One day last week, the 5-foot-5 Nall Richesson, who is as slender as a carrot stick, bounded into the cafeteria to examine the lunch fare, including gluten-free pasta and a red sauce with no artificial preservatives. The cookie buffet is gone, and in its place are fruit and gluten-free snack bars.

At the smoothie bar, which has fresh fruit and honey but no sugar or dairy, a player was reading the ingredients on the cartons of coconut milk and almond milk. He is trying to gain weight and was looking to see which option contained more calories.

“When I see a guy reading a label, I get so excited,” Nall Richesson said.

“In football I don’t think there’s been a light shone on nutrition,” she added. “There’s a huge focus on weight, but the traditional thought process has been how big can you get in any way, shape or form.

“The challenge with these players is how can they fuel their bodies so they’re energetic and exuberant on the field without inviting the potential health hazards of what being big can bring.”

Lewis, 26, had never given much thought to what he ate. He was, in his words, a reckless eater, until he had a food sensitivity test and discovered his body has an intolerance to many of his favorite foods, including pineapple.

Dining out one night last week at a steakhouse near his downtown apartment, Lewis was careful about his order. He passed up steak for roasted chicken and asked for a side of green beans served dry, without butter. Lewis also ordered a shrimp appetizer and a sweet potato dish but passed on desert, eschewed soda for a glass of water with a slice of lemon, and limited himself to one piece of French bread instead of devouring the whole loaf, as he said he used to do.

“I recover faster,” said Lewis, who is carrying 254 pounds on his 6-6 frame, down from 275 at the start of the season. “I’m running better. I have more energy. And I’m still strong. This is Week 14 of the season and I feel good. That is ridiculous.”

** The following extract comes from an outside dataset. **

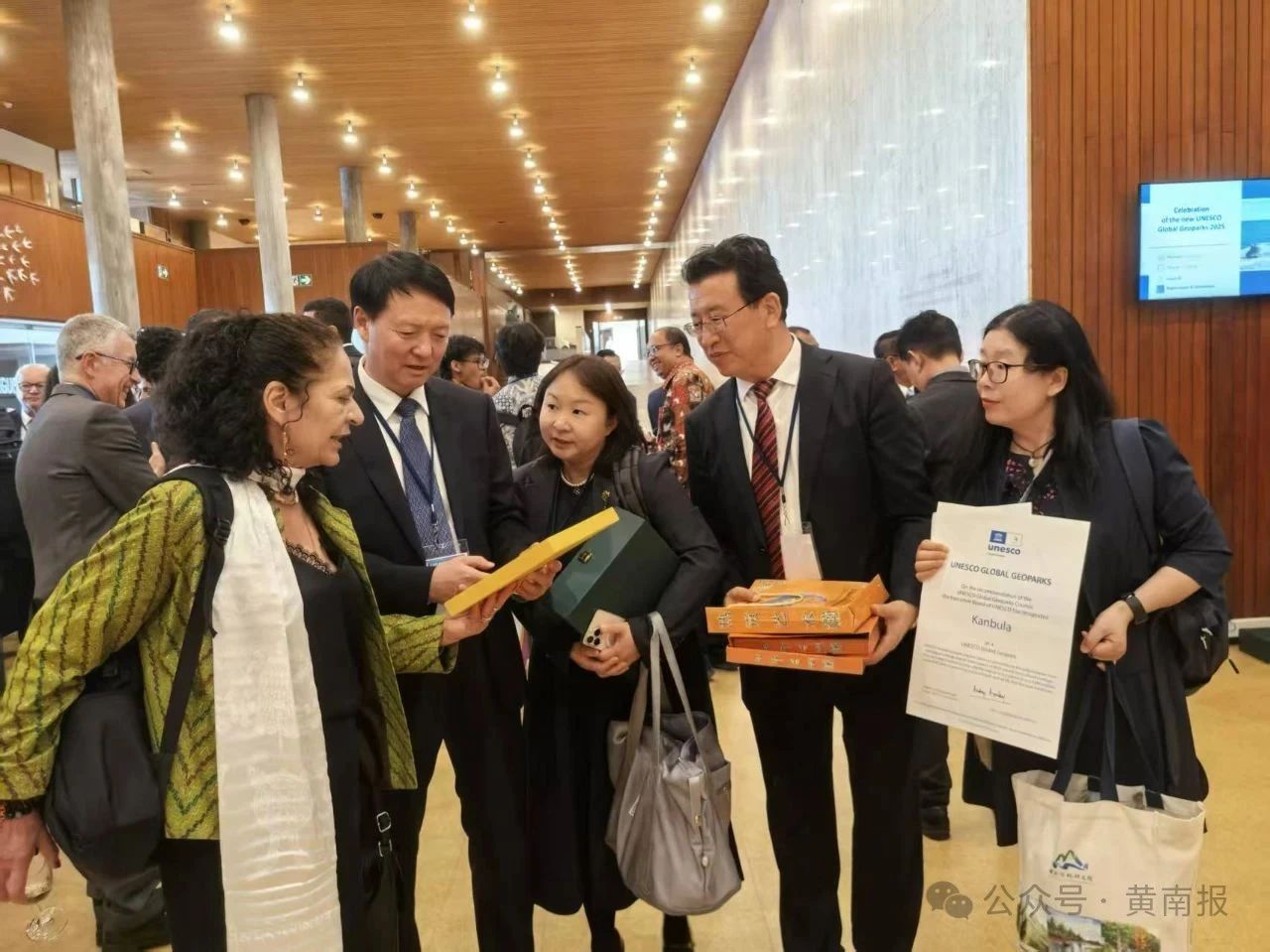 授牌仪式上,青海省黄南藏族自治州委书记朱战民作为坎布拉联合国教科文组织世界地质公园的代表,从教科文组织自然科学助理总干事莉迪亚·布里托女士手中接过了教科文组织总干事亲笔签署的“坎布拉联合国教科文组织世界地质公园”证书,这标志着坎布拉世界地质公园建设将迎来新的发展机遇。

Lewis, a former star from Southern California, did more than change his diet to improve his performance. He used to escape to Los Angeles immediately after the season to be near his mother, stepfather and three younger siblings, with whom he is close. The last two off-seasons, Lewis rededicated himself to football by remaining here so he could work out regularly with Garrard, a sacrifice far harder than forsaking sweets.